Inicio  /  Computation  /  Vol: 9 Par: 2 (2021)  /  Artículo
ARTÍCULO
TITULO

Modified ALNS Algorithm for a Processing Application of Family Tourist Route Planning: A Case Study of Buriram in Thailand

Narisara Khamsing    
Kantimarn Chindaprasert    
Rapeepan Pitakaso    
Worapot Sirirak and Chalermchat Theeraviriya    

Resumen

This research presents a solution to the family tourism route problem by considering daily time windows. To find the best solution for travel routing, the modified adaptive large neighborhood search (MALNS) method, using the four destructions and the four reconstructions approach, is applied here. The solution finding performance of the MALNS method is compared with an exact method running on the Lingo program. As shown by various solutions, the MALNS method can balance travel routing designs, including when many tourist attractions are present in each path. Furthermore, the results of the MALNS method are not significantly different from the results of the exact method for small problem sizes. For medium and large problem sizes, the MALNS method shows a higher performance and a smaller processing time for finding solutions. The values for the average total travel cost and average travel satisfaction rating derived by the MALNS method are approximately 0.18% for a medium problem and 0.05% for a large problem, 0.24% for a medium problem, and 0.21% for a large problem, respectively. The values derived from the exact method are slightly different. Moreover, the MALNS method calculation requires less processing time than the exact method, amounting to approximately 99.95% of the time required for the exact method.
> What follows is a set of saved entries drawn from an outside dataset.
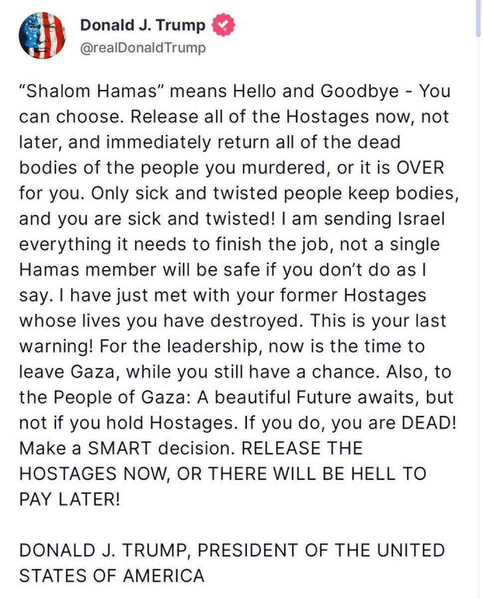 On March 5, 2025, President Donald Trump issued a stern warning to Hamas, demanding the immediate release of all hostages held in Gaza. He threatened severe consequences if his demands were not met, stating that Hamas members "will not be safe" and advising their leaders to leave Gaza. This warning came after President Trump met with eight freed Israeli hostages in the Oval Office.
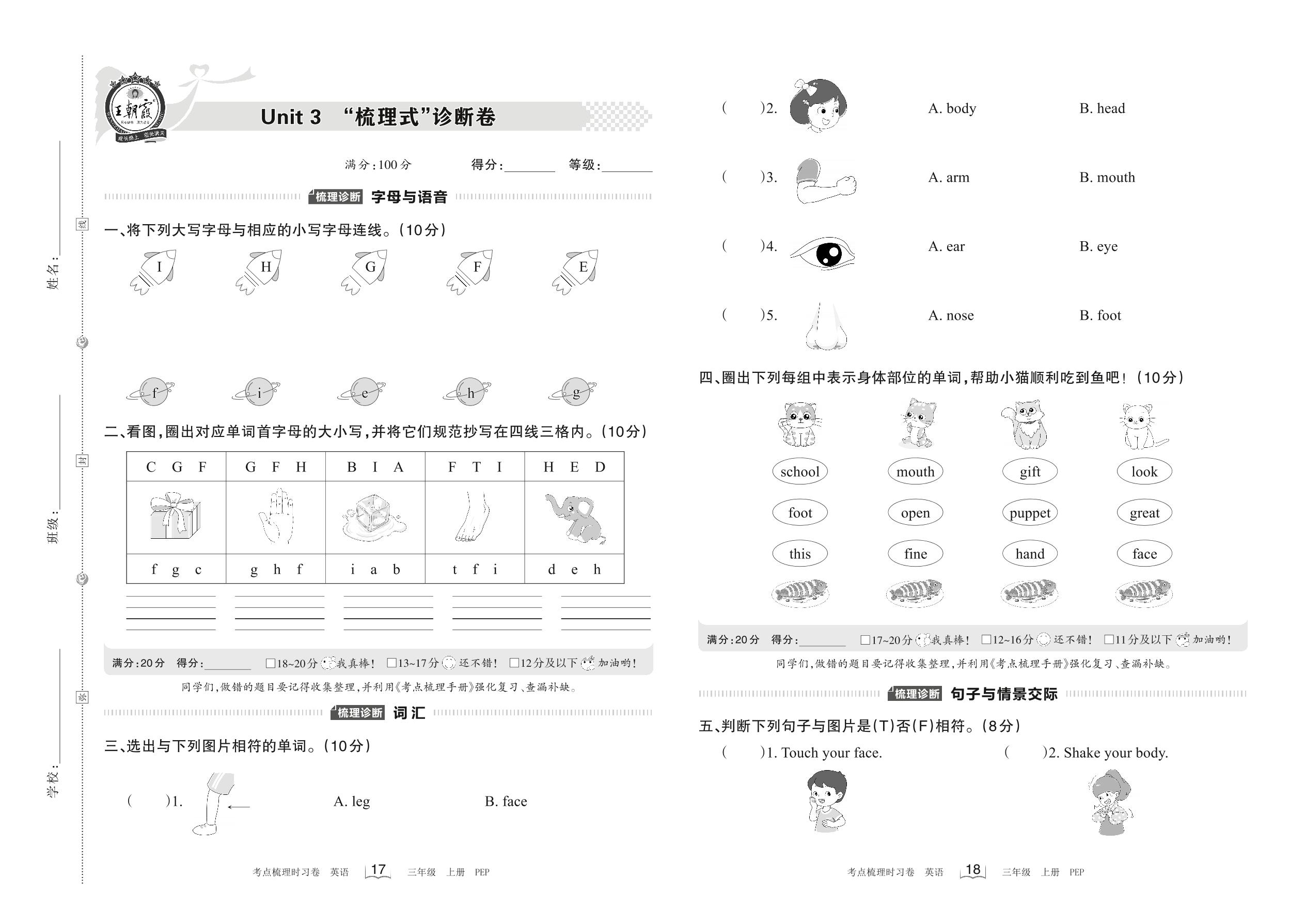 三年级英语人教PEP版(三起始)上册单元卷
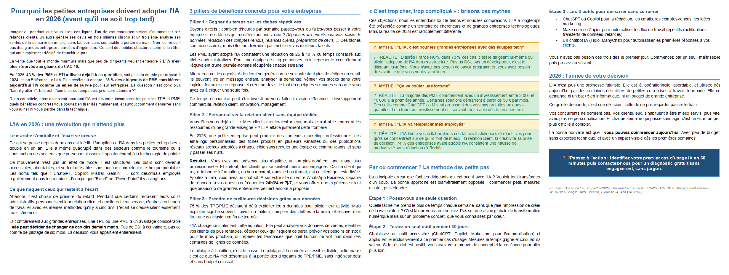 J’utilise des outils d’IA pour la recherche, la structuration et l’optimisation SEO, puis je retravaille chaque article manuellement afin de garantir :

In this case study, the MALNS algorithm result shows a suitable balance of satisfaction and number of tourism places in relation to the differences between family members of different ages and genders in terms of satisfaction in tour route planning. The proposed solution methodology presents an effective high-quality solution, suggesting that the MALNS method has the potential to be a great competitive algorithm. According to the empirical results shown here, the MALNS method would be useful for creating route plans for tourism organizations that support travel route selection for family tours in Thailand.